“Somebody!” the young man ejaculated in forcible disappointment.
“A very beautiful woman in Manila, who had a tiny temple with a Green God in it—a pitiless little Green God—presented it to me as a gift from him. I met such strange vivid people up there. They called the woman who gave me the bracelet the Empress of the East. There were others—too,” she paused, struck silent by a recollection. “How I should have loved,” she continued, “to stay there! Evidently it was meant that I should miss wonderful adventures. I can only be a glow-worm on Nahal.”
“There is something about you that suggests that you are to travel far. Oh, I hope not, Miss Dreschell. Don’t go any farther. Nahal might become something remarkable.”
As he said good night, and held her hand in his, Julie’s thoughts took a sudden unintelligible turn, as if they were never again to follow the old course.
CHAPTER VII
While Julie was dealing, in a splendid glow, with the affairs of the universe, her own mundane concerns, she was uneasily aware, were urgently in need of attention.

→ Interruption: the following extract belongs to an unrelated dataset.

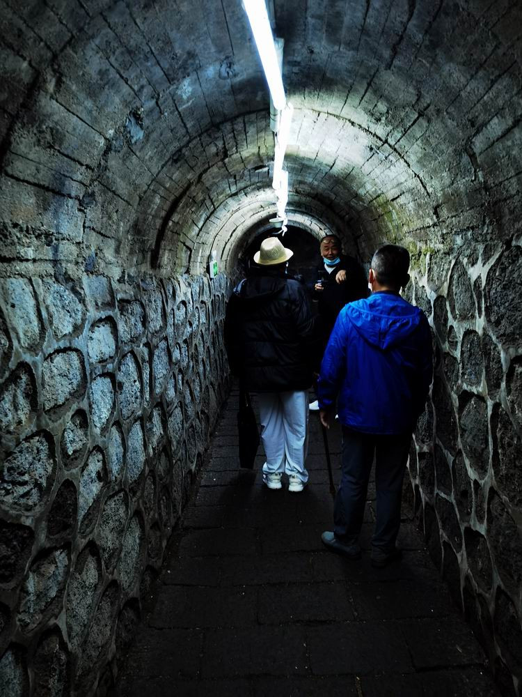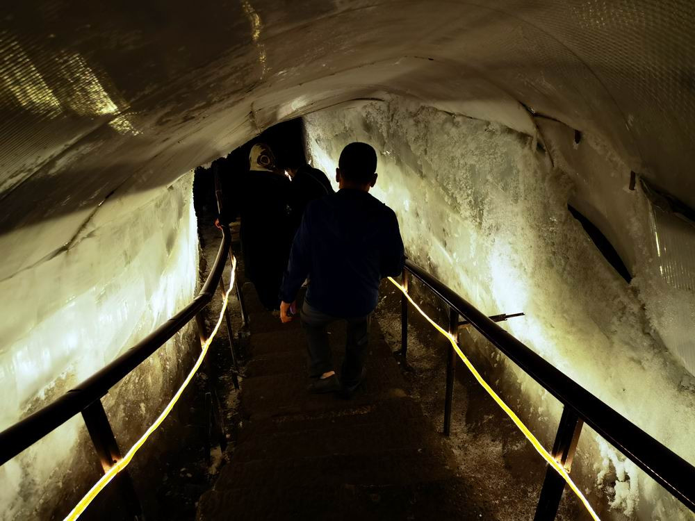走下隧洞里的地下的石阶,越往下,气温越低,隧洞两边都是冰了。

She retired one night to her room, with the jungle closing up about it, and the jungle’s wild creatures rustling but a few feet away, to do some deep worldly thinking. From her trunk she took the book in which she fitfully kept accounts, and calculated furiously for some time, going over the inexorable figures.
Suddenly she dropped the pencil, and sank back in her chair, staring somberly into the night. Its blackness swept up to the grated bars of the windows, and peered in at the solitary, harassed figure in the cell.

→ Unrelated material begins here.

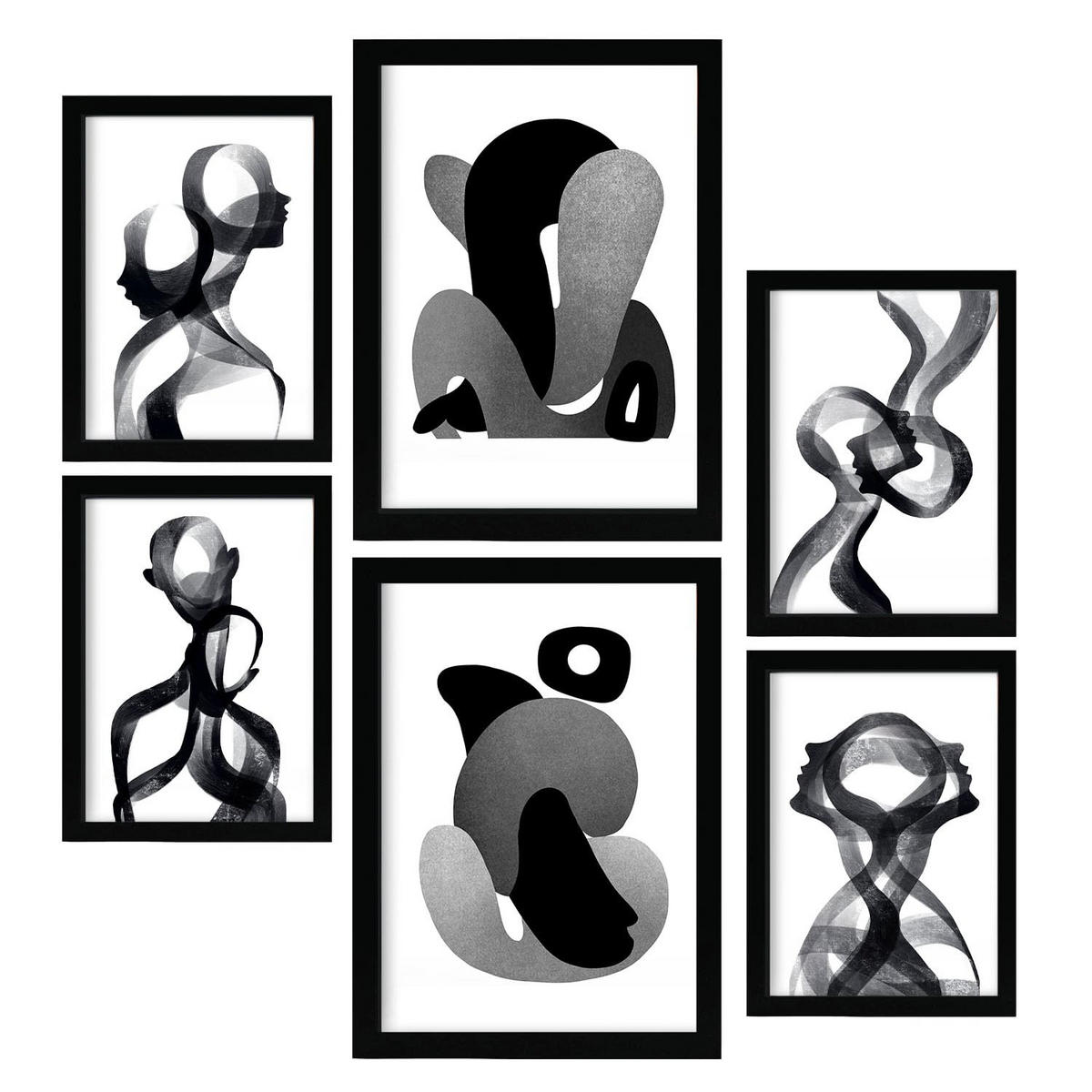 POSTER Set Mit 6 Gebogener Körper In Liebhaber Abstrakt Ästhetische Dekorative Gemälde Für Ihr Wohnzimmer Zuhause A3 & A4 Schwarzer Rahmen - Schwarz, Papier (29/3cm) - Nacnic

Not one dollar of the hundreds she owed Mrs. Morris had been paid back. That very first, sacred responsibility her new life had assumed! In Manila, money had unconsciously spent itself. Then, there had been the expenses of the trip South. But bitterest fact of all, the splendid wardrobe, the cause of all this trouble, had bit by bit, impalpably and detestably, as if under an evil incantation, been giving way. Dresses cracked explosively, at the touch, and silk stockings, however prayerfully drawn on, disintegrated into an elemental snarl of thread. What the elements did not demolish, the cockroaches, nearly as big as mice and scrambling deftly all over the room, voraciously devoured.
Julie sat and burned with dishonor over her affairs. She felt as abased as if she had become the actual chattel of her far-away creditor. She would have resorted to any expediency to keep this bondage from being made public. The Dreschells had an unconscionable pride. Mr. Dreschell had brought up his family on the theory that borrowing money was only a shade less reprehensible than stealing it. This obligation was the Debt of England to Julie’s soul. With her small salary, how, she pondered, was it to be worked out?